# Border collie expert needed



## SpringerHusky (Nov 6, 2008)

So someone mentioned something to me, i'd never thought of till now because I had no idea about collie colours.

I'd orginaly just thought Luna was a blue merle, later thought she was a blue tri merle but two people have now said they think she's a slate tri merle.

I'm trying to look at pictures and figure the difference but it's not working so well :lol:

I'm wondering is she a Tri blue merle or a Tri slate merle?

































































Thanks :lol:


----------



## Twiggy (Jun 24, 2010)

Well I'd say she was tri blue merle but I'm no expert on colours. As far as I know the merles with a lot of black are called black merle and I've never heard of slate merles.

No help really am I?...LOL


----------



## PennyGC (Sep 24, 2011)

She's a blue merle with tan, or a tri blue merle! And very pretty 

No such thing as a black merle.... although blue merle is the equivalent of a solid 'black' dog... they were called blue merles before it was considered worthy enough to call the dilute versions of black 'blue'.

The dilute of blue merle is called a slate merle (sometimes ISDS call solid blue 'slate' which is now very confusing...)

Collies come with the basic black gene which can be modified into brown (old red) and also can be 'dilute' and/or 'merle'. Merle isn't a 'colour' as such, but the effect is to dilute the solid black or brown colour. It doesn't affect white or tan. As sable and tan are variations on the same gene sables don't show the merle gene either....

So black based dogs can be black and also 'blue' (dilute) or blue merle (dilute would be 'slate'). If these have tan then they're 'tri-coloured'. A dilute dog will not have any black on it (even it's nose will be lighter), a blue merle will have black on it, a slate merle wont

Brown (old red) based dogs can be brown (red), or 'lilac' (dilute), red merle and the dilute version - lilac merle. The dilutes wont have any of the dark red/brown patches.

All of these can come with tan (tri)

Sables (tan) can't come as tri and whilst they may have the merle gene it'll be almost impossible to tell once they're beyond the puppy stage.

There's also the true red (Australian) which doesn't show the merle gene either - not as common this is quite a light almost yellow colour....

You can also get seal coats... again which don't come in tri


----------



## SpringerHusky (Nov 6, 2008)

Twiggy said:


> Well I'd say she was tri blue merle but I'm no expert on colours. As far as I know the merles with a lot of black are called black merle and I've never heard of slate merles.
> 
> No help really am I?...LOL


I'm still learning, what happened to the days when I thought collies just came in black and white :lol:



PennyGC said:


> She's a blue merle with tan, or a tri blue merle!
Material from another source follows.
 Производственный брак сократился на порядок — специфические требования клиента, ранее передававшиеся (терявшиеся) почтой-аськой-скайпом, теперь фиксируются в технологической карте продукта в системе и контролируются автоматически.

And very pretty
> 
> No such thing as a black merle.... although blue merle is the equivalent of a solid 'black' dog... they were called blue merles before it was considered worthy enough to call the dilute versions of black 'blue'.
> 
> ...


Very interesting, thank you  still learning loads about collies, fascinating how many variations of colours they come in.


----------



## Tacey (Mar 4, 2012)

I always find the easiest way to tell is to look at the nose... slates always have greyish noses.


----------



## smokeybear (Oct 19, 2011)

Border Collie Colours


----------



## SpringerHusky (Nov 6, 2008)

Tacey said:


> I always find the easiest way to tell is to look at the nose... slates always have greyish noses.
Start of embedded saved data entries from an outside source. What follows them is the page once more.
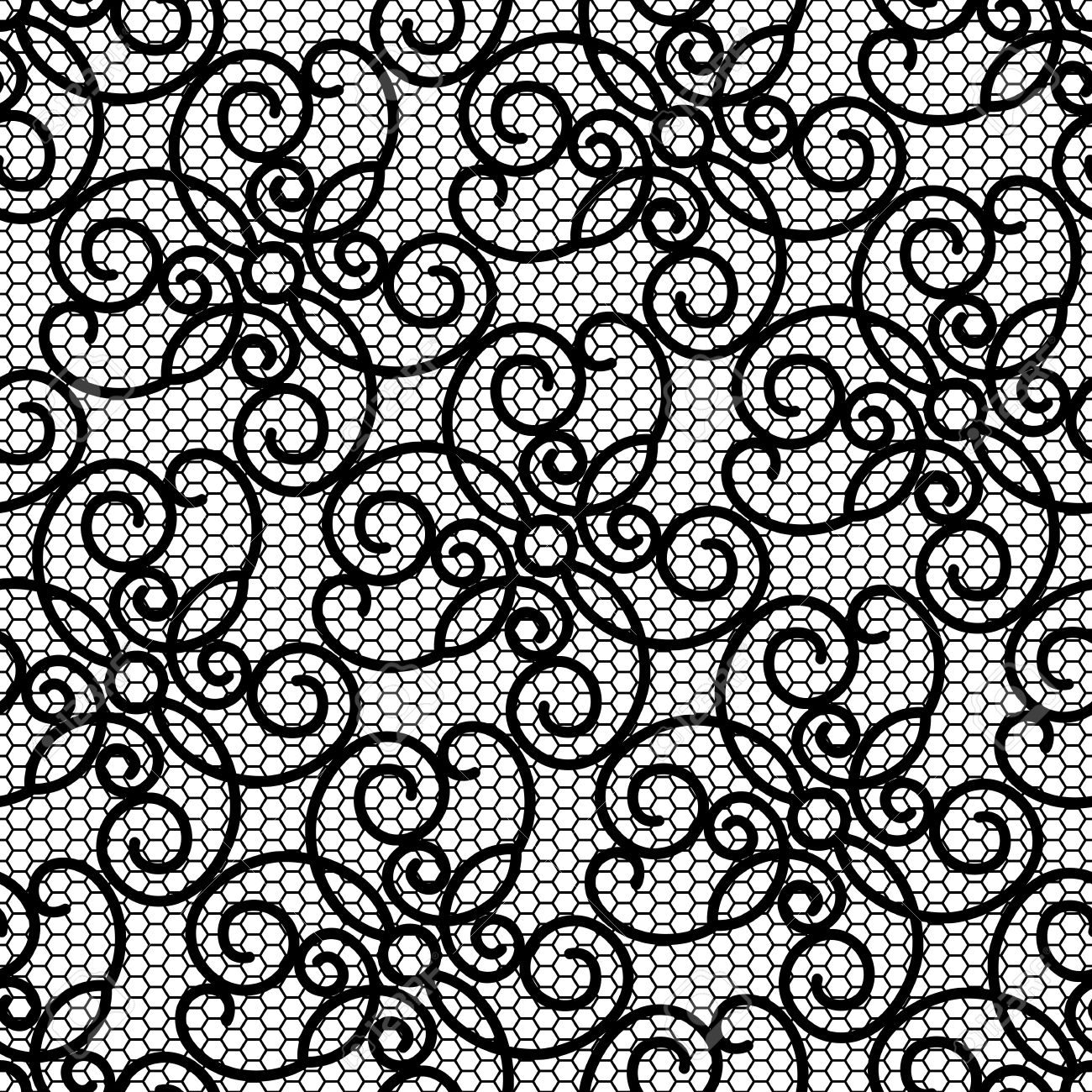 Patrones Transparentes De Tela De Encaje Negro Con Rizos Imagen de ...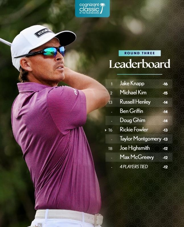 杰克-納普在首輪比賽中打出59桿,第三輪開(kāi)始的時(shí)候手握1桿優(yōu)勢(shì),但在轉(zhuǎn)場(chǎng)時(shí)已經(jīng)落后3桿。他在第16洞推進(jìn)12英尺小鳥(niǎo)推,并在最后一洞,五桿洞切桿加推桿抓鳥(niǎo),保持住領(lǐng)先位置。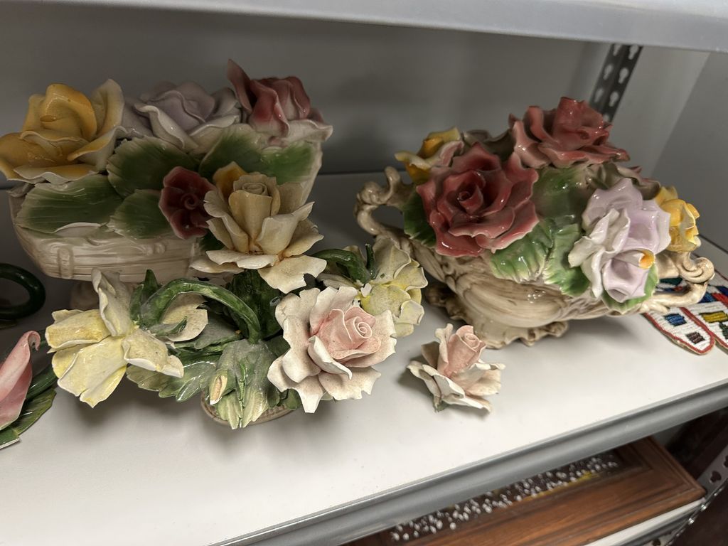 Collection of Porcelain Capodimonte Flower Bouquets, each has chip damage, Location Back Metal Shelves Collection of Porcelain Capodimonte Flower Bouquets, each has chip damage, Location Back Metal Shelves

Ahh, Luna's nose is black but in one photo she looks to have a grey nose which may be why it was suggested.



smokeybear said:


> Border Collie Colours


Not helpful, just confusing.


----------



## PennyGC (Sep 24, 2011)

My blue merle (tri) playing with his red merle brother










Here is Ski all grown up









Oswy (black tri)









Brown (red) tri Cody









Blue and white Mercury


----------



## SpringerHusky (Nov 6, 2008)

PennyGC said:


> Here is Ski all grown up


There's a blue merle like that down our park without the brown tri patching but he's a much darker blue than Luna.

Luna is a very soft colour, mind you she's only 12 months at the moment, so will she get darker or stay the softer blue colour?


----------



## Tacey (Mar 4, 2012)

SpringerHusky said:


> There's a blue merle like that down our park without the brown tri patching but he's a much darker blue than Luna.
> 
> Luna is a very soft colour, mind you she's only 12 months at the moment, so will she get darker or stay the softer blue colour?


Her colour will stay the same  They just vary a lot.

Here's April with another tri blue merle (puppy), their colouring is quite different as you can see.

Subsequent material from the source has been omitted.